### RECORD SET
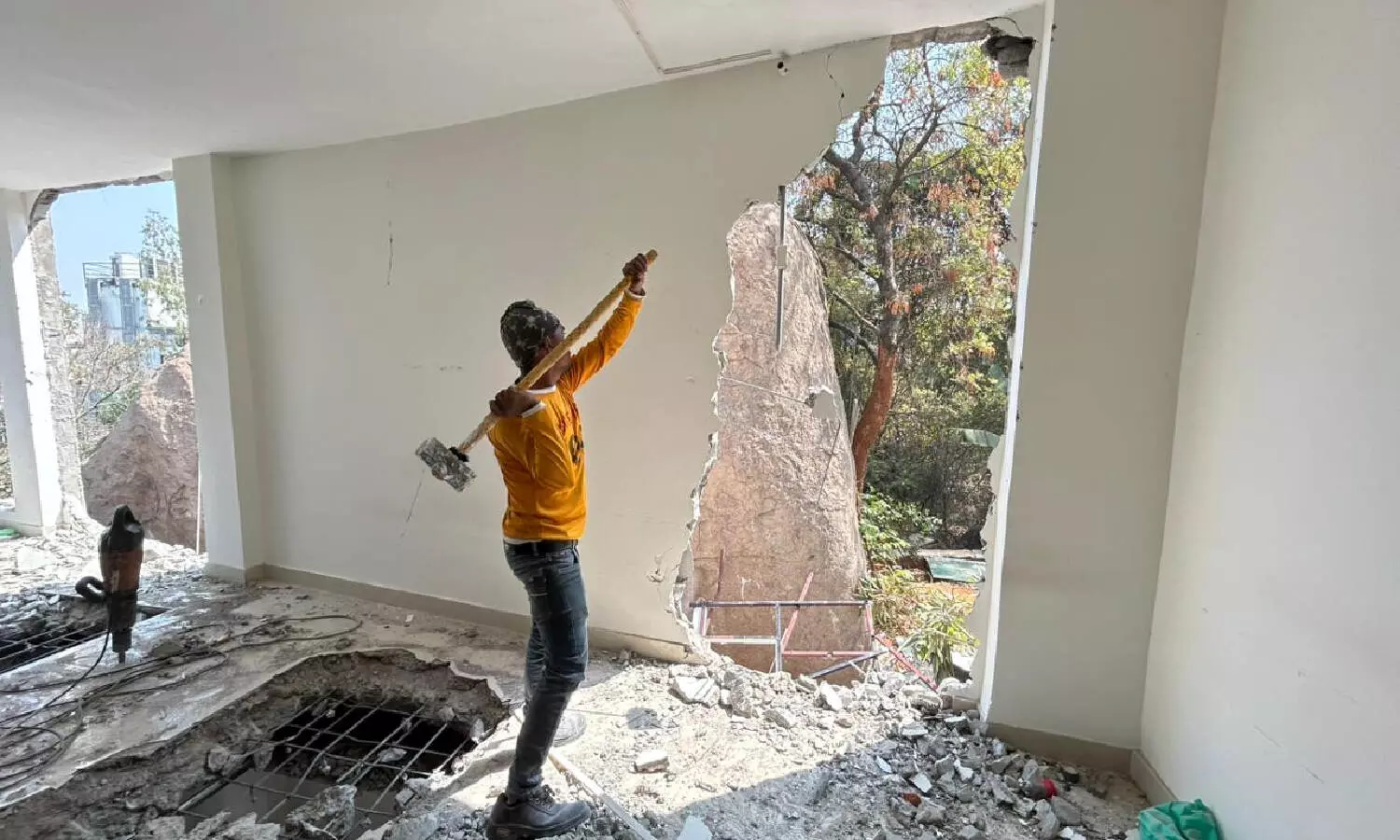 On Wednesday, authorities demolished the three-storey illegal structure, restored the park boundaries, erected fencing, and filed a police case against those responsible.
...
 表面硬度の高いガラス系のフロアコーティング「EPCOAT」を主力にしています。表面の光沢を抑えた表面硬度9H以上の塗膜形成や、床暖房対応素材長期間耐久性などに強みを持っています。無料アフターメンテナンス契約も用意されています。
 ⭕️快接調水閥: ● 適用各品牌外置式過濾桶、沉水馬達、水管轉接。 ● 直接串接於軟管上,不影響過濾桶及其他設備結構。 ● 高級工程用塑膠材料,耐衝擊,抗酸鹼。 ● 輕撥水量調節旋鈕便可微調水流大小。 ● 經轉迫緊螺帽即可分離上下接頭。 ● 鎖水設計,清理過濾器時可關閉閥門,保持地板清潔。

### TASK INSTRUCTIONS
Of all the entries above, repeat only the lines from the line that has "表面硬度の高いガラス系のフロ" to the line that has "經轉迫緊螺帽即可分離上下接頭。 ● 鎖水設計,清理過濾器時可關閉閥門,保持地板清潔。", both lines included, exactly.

### ANSWER TO THE EXERCISE
 表面硬度の高いガラス系のフロアコーティング「EPCOAT」を主力にしています。表面の光沢を抑えた表面硬度9H以上の塗膜形成や、床暖房対応素材長期間耐久性などに強みを持っています。無料アフターメンテナンス契約も用意されています。
 ⭕️快接調水閥: ● 適用各品牌外置式過濾桶、沉水馬達、水管轉接。 ● 直接串接於軟管上,不影響過濾桶及其他設備結構。 ● 高級工程用塑膠材料,耐衝擊,抗酸鹼。 ● 輕撥水量調節旋鈕便可微調水流大小。 ● 經轉迫緊螺帽即可分離上下接頭。 ● 鎖水設計,清理過濾器時可關閉閥門,保持地板清潔。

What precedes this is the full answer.